Hagge: Well, you're right, that today it's our most profitable sector. It accounts for a little over 22% of Aptar's sales and almost half of our profits. It has our highest operating margins in the area of between 25% and 30% versus sales. We do expect that to grow about 6% to 10% a year over the long term.

When you look at that business, a couple of the big growth drivers go from the fact that A, two of the biggest products that we sell for, the diseases that we sell for, are asthma and allergy. Unfortunately, on a worldwide basis, both of those are growing, so we'll be growing with those.

The other thing we are doing, though, is expanding into other diseases, other therapies. We've just worked with a customer introducing our product on a pain medication used for post-operative cancer pain. That has been introduced in Europe, which has opened up a whole new therapy for us.

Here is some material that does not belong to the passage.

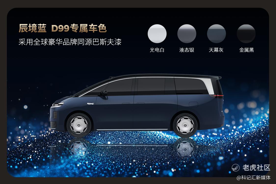 在色彩设计上,零跑D99坚持“自然共生”理念,雕琢出五款意境悠远的豪华外观色,赋予车辆独特的视觉灵魂。其中,“辰境蓝”为零跑D99的专属色,静止时呈现沉稳克制的绅士气质,驰骋在阳光下则会唤醒细腻珠光,折射出年轻灵动的气息。为呈现这种高级质感,零跑选用顶级豪华品牌同款的巴斯夫车漆,让颜色更通透、层次更丰富,且光泽持久不易失色。此外,光电白的纯粹冷峻、液态银的温暖优雅、天幕灰的深邃莫测与金属黑的低调不凡,五款自然灵感色分别对应不同的审美志趣,让每一台零跑D99都能成为用户个性与气质的延伸。
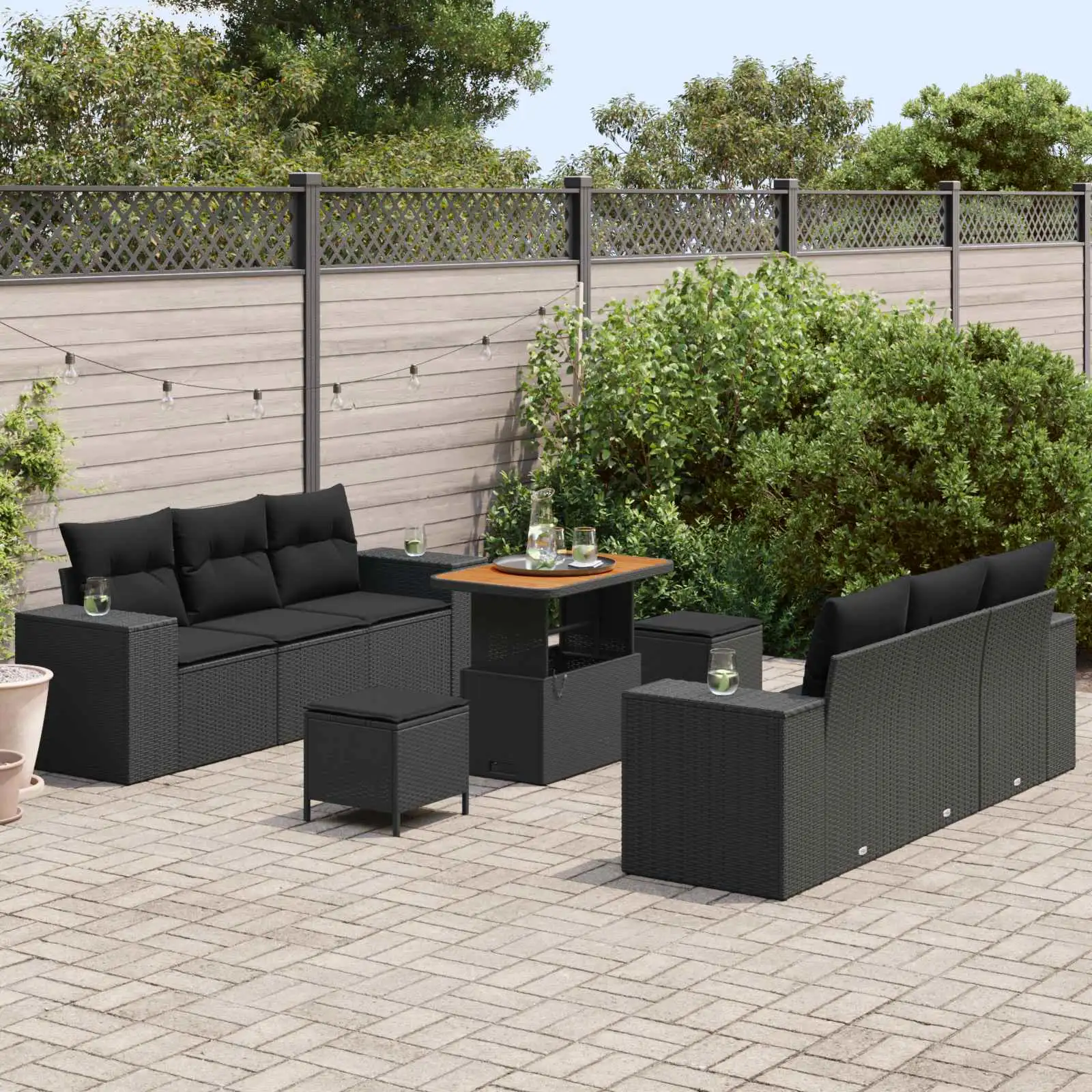 See 9-osaline modulaarne aiamööbli diivanikomplekt on praktiline lahendus, kui soovid luua terrassile või aeda ühtse ja mugava istumisala. Moodne ja tagasihoidlik disain sobitub kergesti eri stiilis väliruumidega ning must polürotang näeb esinduslik välja nii igapäevases kasutuses kui ka pidulikematel aiapidudel. Moodulite paigutust saab vastavalt vajadusele muuta, et luua hubane nurgadiivan, eraldiseisvad istumiskohad või avatum lahendus suurematele seltskondadele, pakkudes 6 mugavat istekohta.

We're working on vaccines.

In terms of the marketplace growth, we have several big drivers. Again, we think we are by far the leader in that place, in that market space, and have good growth opportunity over the next five to 10 years.

Taggart: And the intellectual property around the pharmaceutical dispensers, that's protected because of the regulatory approval process. Can you talk maybe very briefly about how that works?

Hagge: Yeah, it's a good point.

Taggart: A lot of people don't get that. And it's really actually very crucial to the moat.

Hagge: It is and I think it's very different, as you said, a little bit different than our other product lines. Our product is part of the FDA approval process, so if you have an asthma inhaler, if you think about that, the amount you get out, the dosage you get out is critical to how well its going to come back and how well it will work.

We go through, with our customers the whole regulatory approval process, and that's anywhere from seven to 10 years in timeframe. So we're very much tied to theirs. If they want to change suppliers, they need to go back through that process again. It's a long a process. It's a difficult process.

For us, we also try to come back and bring in new technologies around actually working with the FDA. We've recently acquired a 70% ownership in a lab here in the United States that does a lot of testing for the FDA and does a lot of testing for our customers to come back and deal with some of the other regulatory issues. Technology is a key factor in our pharmaceutical business.

Taggart: We're very pleased to have you with us today, Steve. Thank you very much.

Thanks for joining us today. I'm Mike Taggart. Thanks for watching.